Reika-san memang sering bicara begitu karena dia sendiri gagal mendapatkan anak kedua dengan Makoto-san karena faktor usia.

Meski begitu, hubungan mereka berdua juga berjalan lancar, jadi tidak ada masalah serius.

"Kita juga sudah 32 tahun tahun ini, ya."

"Iya. Rasanya cepat sekali, ya."

Kami pernah bertengkar. Kami juga pernah tidak saling mengerti.

Namun, kami terus berjalan sampai sejauh ini karena kami saling mencintai. Tanpa disadari, aku telah menghabiskan lebih dari separuh hidupku bersamanya.

"Hei."

"Ya?"

"Masih ingat dengan Mizoguchi-gou?"

"Ah, aku ingat."

Karya modifikasi bel itu sekarang masih dipajang di rak kamar Seika.

Karena namanya sudah menjadi Kutsuzawa Seika, tidak akan ada lagi nomor seri untuk Mizoguchi-gou. Dengan kata lain, itu adalah karya yang tiada duanya.

"Tadi saat melihatmu memperbaiki sepeda, aku tiba-tiba teringat."

"Ya?"

"Waktu itu, aku mengejarmu karena ingin berbicara dengan Kutsuzawa-kun."

"Eh!? Saat kita bertemu kembali?"

Itu pertama kalinya aku mendengar hal tersebut.

"Kamu benar-benar tidak sadar, ya? Itu kan apartemen di seberang sana. Apartemen tempat aku tinggal dulu."

Dia menunjuk ke apartemen di seberang jalan sambil berkata begitu.

Ah, kalau diingat-ingat lagi memang benar.

Waktu itu, dia menyeberang dari sana dan mencoba naik ke trotoar, lalu terjadilah kecelakaan itu.

Begitu rupanya. Sejak awal, dia ternyata sudah......

"Seika."

"Kenapa? Kamu jadi jatuh cinta lagi?"

Aku mengangguk sambil tersenyum.

"Bagaimana kalau kita buat anak ketiga?"

Seika sempat tertegun sesaat, lalu dia tersenyum lebar dan mengangguk.

Angin musim semi bulan Mei menyapu rambut hijau zamrudnya.

Aroma parfumnya bercampur sedikit dengan wangi dedaunan hijau yang menantikan datangnya musim panas.

Di bawah langit senja yang sama dengan hari saat kami bertemu kembali.

Sambil menahan senyum karena kenangan yang begitu dirindukan, aku pun kembali memperbaiki sepeda istriku.

Tamat


Kata Penutup

Sudah lama tidak berjumpa. Saya, sang penulis, Shoga Negiya.

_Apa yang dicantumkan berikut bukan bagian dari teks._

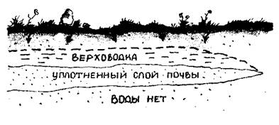 Бывают совершенно неожиданные случаи. Например, в долине Дона нами было встречено подобное «озеро» над старинной казачьей лодкой «Чайкой», когда-то захороненной песками реки. Его размеры были в длину 8 м, а в ширину около 3 м. Слой воды был около 1 м. Эти мелкие маловодные горизонты воды в сухое время года могут исчезать, испаряясь и инфильт-руясь в глубь толщи. Так их и назвали — «верховодка». Он часто путает неумелых искателей воды. Вырыли колодец, встретили верховодок, вода как будто есть, а вычерпали 5 — 10 ведер и далее ее нет.

Terima kasih banyak telah membeli volume keempat dari "Gyaru no Jitensha o Naoshitara Natsukareta". Saya juga ingin menyampaikan rasa terima kasih yang sebesar-besarnya karena telah menemani perjalanan cerita ini hingga tamat.

Mungkin ada di antara pembaca yang secara kebetulan membeli volume keempat saja. Namun, saya yakin sebagian besar dari kalian telah mengikuti cerita ini sejak awal.

Jumlah kisah yang bisa kita temui di dalam hidup ini terbatas. Bahwa ada begitu banyak orang yang memilih karya ini dari sekian banyak pilihan dan berjalan bersamanya—entah bagaimana, ini adalah pengalaman luar biasa yang bahkan tak pernah saya bayangkan sebelum memulai kegiatan kreatif ini.

Saya tahu mungkin terasa berlebihan karena terus-menerus mengucapkan terima kasih. Tetapi sekali lagi, untuk terakhir kalinya, terima kasih banyak telah menyaksikan kisah ini hingga akhir.

Nah, dengan ini kisah cinta Kousei dan Seika telah mencapai klimaksnya yang indah. Sebenarnya, jauh sebelum menulis, saya memang sudah merancang agar cerita ini berakhir bahagia, termasuk bagi orang-orang di sekitar mereka.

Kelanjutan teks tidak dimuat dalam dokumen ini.